I continue to work on practicing what I preach, consciously leveraging both masculine and feminine aspects of myself. I look for the “Max” ways I think and act, Max being the prototype of the masculine. I recognize the “Fran” parts of my thinking and behavior; Fran is the prototype representing the typical or average woman. (I use these prototypes rather than stereotyping about how men and women think or act; men and women all have some elements of both masculine and feminine.)
I am still recovering from neck-fusion surgery and resulting nerve damage. My arms and hands still are not functioning at 100%. Nerves heal, I am told, really slowly. For many weeks, I have been unable to operate at my usual (fast) level of multi-tasking. Initially, I could do very little work. Now I am trying to strike the balance – between doing as much as I can and taking care of myself and my long-term healing.

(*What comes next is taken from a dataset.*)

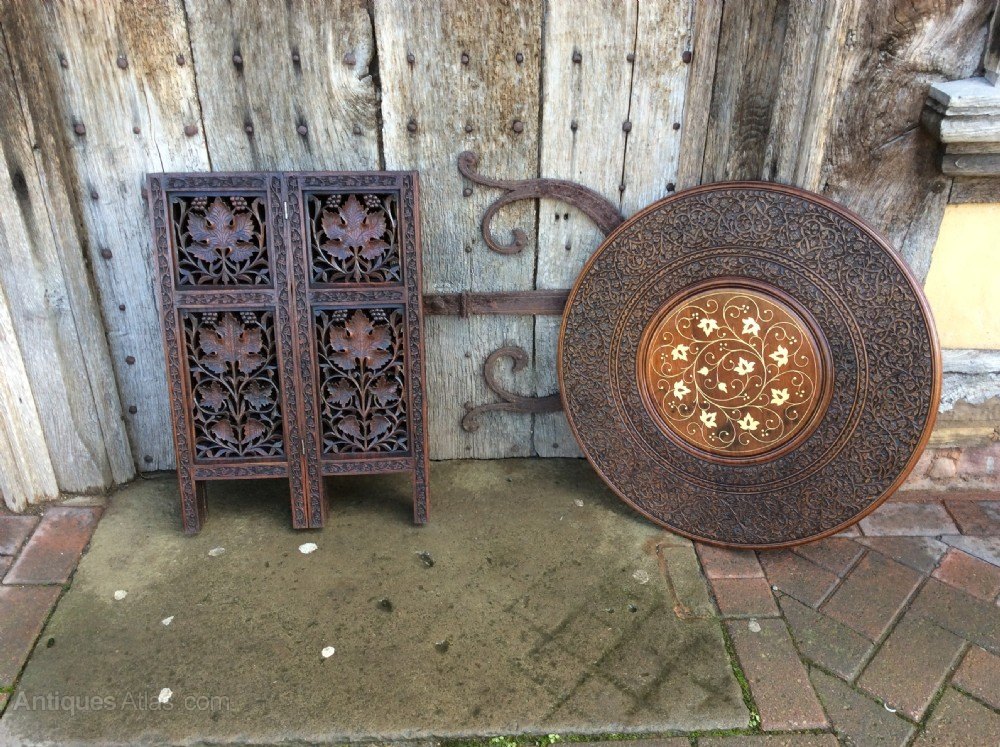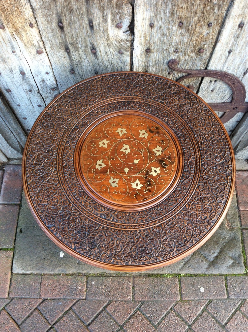 A brass inlay Moorish folding table.

A friend suggested I think about this as the need to balance the Max and Fran parts of myself. The Max or masculine part of me (a big part) wants to dive right in, build my business back up quickly, get results. This part is “lit up” when I am creating a workshop or article or confirming a speaking engagement. My Fran or feminine part is more cautious, less focused on one thing (getting a result), less competitive. This part weighs multiple issues and perspectives. This part assures (or is supposed to assure) I get enough self-nurturing and nurturing generally.
My inclination is to follow my Max elements and get moving. I recognize that I need to honor my Fran nature and avoid speeding up too soon. I am grateful for both parts of myself. Just as balance in the workplace and in leadership style is a good thing, a personal balance of masculine and feminine is good for me!

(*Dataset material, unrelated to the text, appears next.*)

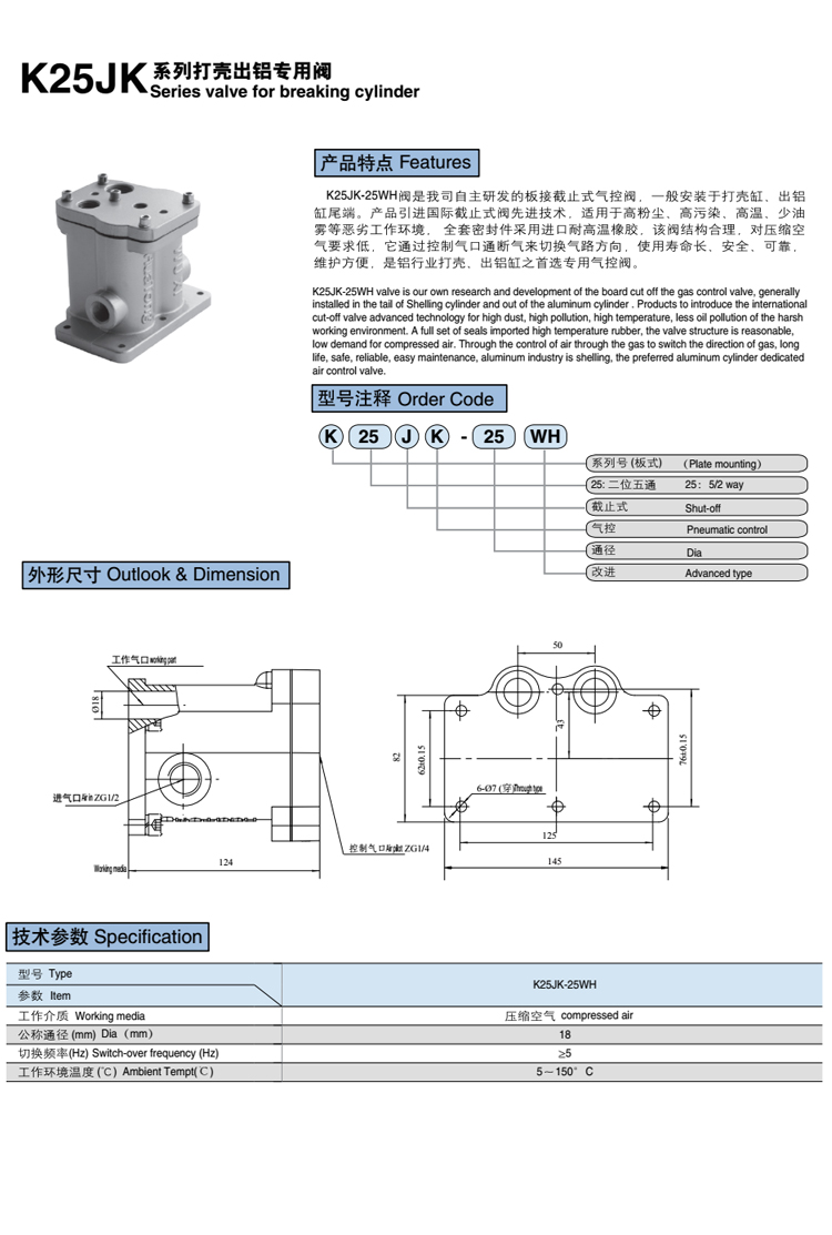 K25JK 系列打殼出鋁專用閥產品特點: K25JK-25WH閥是我司自主研發的板接截止式氣控閥,一般安裝于打殼缸、出鋁缸尾端。產品引進國際截止式閥先進技術,適用于高粉塵、高污染、高溫、少油霧等惡劣工作環境, 全套密封件采用進口耐高溫橡膠,該閥結

I talk and write a lot about mindsets. I focus on mindsets that create obstacles for gender diversity at the leadership level of business. I recently recognized how quickly mindsets can develop. I developed a mindset that I need to change.

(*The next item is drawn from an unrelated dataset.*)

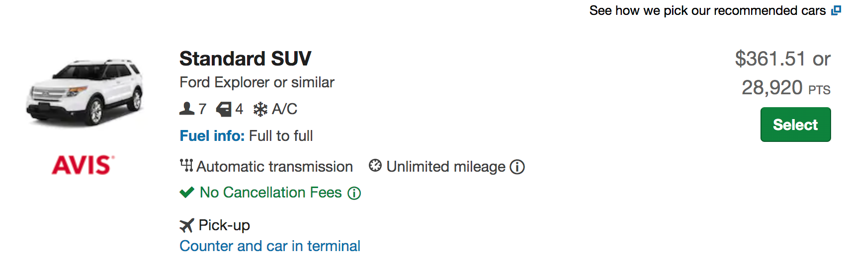 - All you need to do is enter your pick-up and drop-off location, date and time. You'll then be able to pick your preferred car and sort by how many points you need to redeem.

When I use the term, I refer to a way of thinking that has developed over time and may operate at the sub-conscious level. Brain scientists are learning much about how doing certain things, and thinking certain ways, lay down neuropaths. The more we do or think that way, the more deeply grooved the neuropaths become. This is the root of a habit – a “knee jerk” way of reacting in thought or action.
I have spent the last two months recuperating from surgery and resulting nerve damage. I had to slow way down. Everything (dressing, typing, even eating) takes much longer than normal. What I got done in a day has been far less than before. Prior to this medical challenge, I might feel I had a productive day if I designed or delivered a speech or workshop, followed up with two prospects, wrote a blog and did physical exercise. Now I feel I have had a productive day if I take a shower, dress and make breakfast, do my physical therapy, respond to a few phone calls or e-mails, take a nap, and maybe write for 15 minutes. This has become a new habit of thought. I have just become aware of it!
As I heal and regain physical function, this new, relaxed standard is interfering with my work – my mission. I know it is time to step it up at least a bit – and more and more as I can. But that takes recognizing this (recently developed) mindset about what I can and should do in a day.
Do you see? We should not feel bad or guilty about having unconscious mindsets. They occur naturally. In my case it has occurred in two months. I cannot judge people for having deeply rooted mindsets that create obstacles for women in business leadership. These mindsets are formed over lifetimes and reinforced by strong cultural forces. How much harder they are to bring to conscious awareness – and to change – than my recently developed mindset about productivity!
What mindsets can you identify in yourself? Are there reasons to change them?